Senators Challenge Social Cost of Carbon Increase, Say Cost Inflated to Advance Regulatory Agenda

Senators Challenge Social Cost of Carbon Increase, Say Cost Inflated to Advance Regulatory Agenda

The following press release was published by the Senate Committee on Environment and Public Work on June 19, 2013. It is reproduced in full below.
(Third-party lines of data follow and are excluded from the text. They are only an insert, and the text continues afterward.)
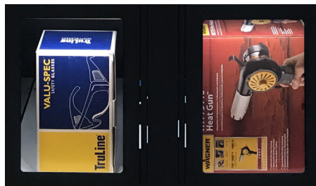
Bottom 2 Storage Compartments 13.75"H x 14.90"W x 23.75"D

All dimensions represent the maximum usable storage space.
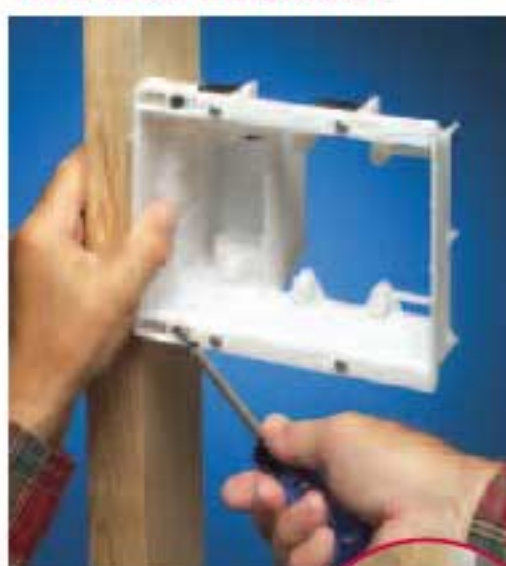
1 Attach box to stud. Note tabs for proper positioning of box for drywall.
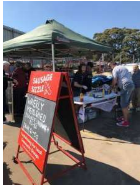
Bunnings Randwick sausage sizzle

Once again in September, to mark Father's Day, Bunnings Randwick generously provided their premises to hold a fundraising sausage sizzle. And once again many of our members gave up their time to help out. We are extremely thankful to Bunnings Randwick for enabling us to raise funds while at the same time to promote the Waverley Men's Shed. Bunnings have also been generous with gift vouchers and product donations to the Shed.
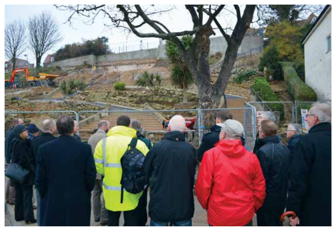
Tour of site on 4 December 2014

When Suffolk Coastal District Council consulted the people of Felixstowe in 2007, they identified the restoration of the Seafront

U.S. Sen. David Vitter (R-La.), top Republican on the Environment and Public Works Committee, along with U.S. Sens. Roy Blunt (R-Mo.), Jeff Sessions (R-Ala.), John Barrasso (R-Wyo.), James Inhofe (R-Okla.), Roger Wicker (R-Miss.), and John Boozman (R-Ark.) sent a letter to the U.S. Environmental Protection Agency (EPA), Department of Energy (DOE), and the Office of Management and Budget (OMB), challenging the recent revision of the Administration's estimate for the social cost of carbon (SCC), which are used in developing costly regulations.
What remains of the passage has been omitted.